**Try it:**
Leaving out the images, repeat all the lines below exactly.

**Data provided:**
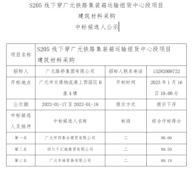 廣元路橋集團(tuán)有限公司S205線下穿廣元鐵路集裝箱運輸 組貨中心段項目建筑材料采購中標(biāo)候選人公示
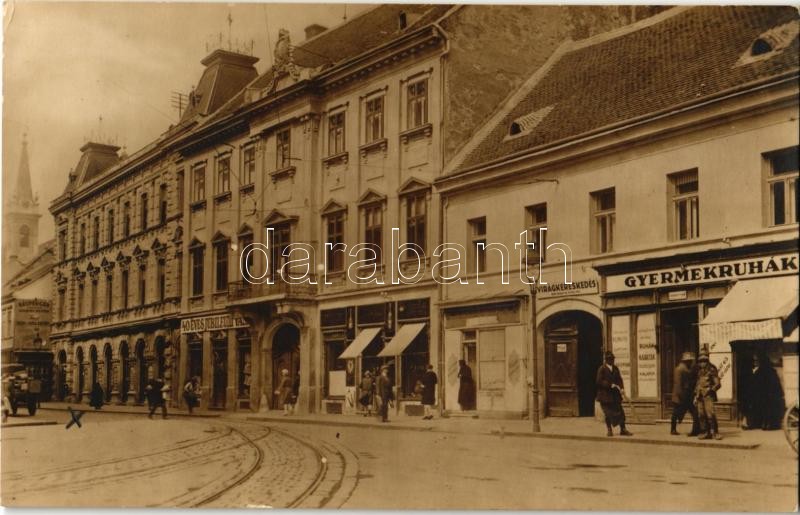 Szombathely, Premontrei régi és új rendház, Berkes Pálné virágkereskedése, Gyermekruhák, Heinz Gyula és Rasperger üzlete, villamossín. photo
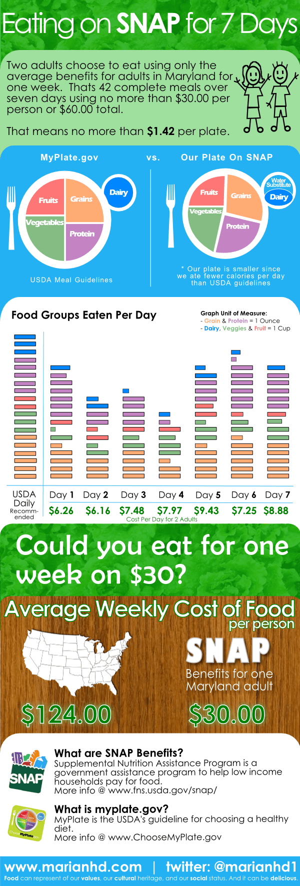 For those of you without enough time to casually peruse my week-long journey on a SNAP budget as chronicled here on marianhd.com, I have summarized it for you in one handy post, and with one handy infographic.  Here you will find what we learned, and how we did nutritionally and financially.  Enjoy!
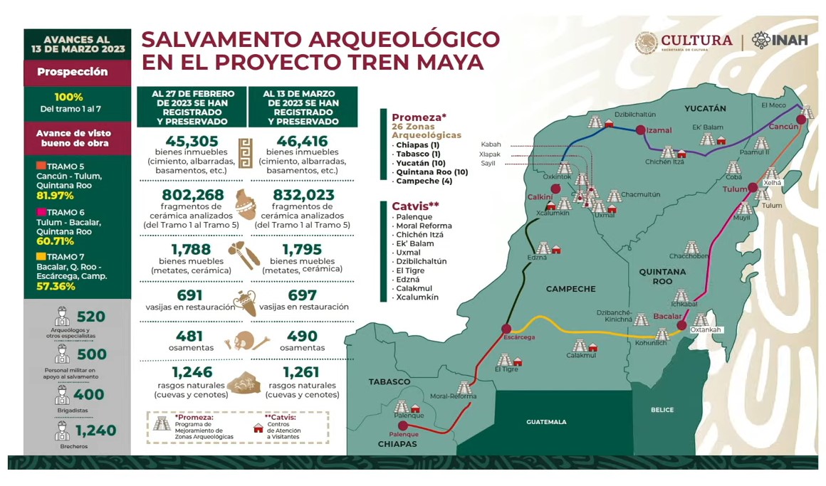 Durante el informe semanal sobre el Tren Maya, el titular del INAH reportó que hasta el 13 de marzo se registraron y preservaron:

**Task solution:**
 廣元路橋集團(tuán)有限公司S205線下穿廣元鐵路集裝箱運輸 組貨中心段項目建筑材料采購中標(biāo)候選人公示
 Szombathely, Premontrei régi és új rendház, Berkes Pálné virágkereskedése, Gyermekruhák, Heinz Gyula és Rasperger üzlete, villamossín. photo
 For those of you without enough time to casually peruse my week-long journey on a SNAP budget as chronicled here on marianhd.com, I have summarized it for you in one handy post, and with one handy infographic.  Here you will find what we learned, and how we did nutritionally and financially.  Enjoy!
 Durante el informe semanal sobre el Tren Maya, el titular del INAH reportó que hasta el 13 de marzo se registraron y preservaron:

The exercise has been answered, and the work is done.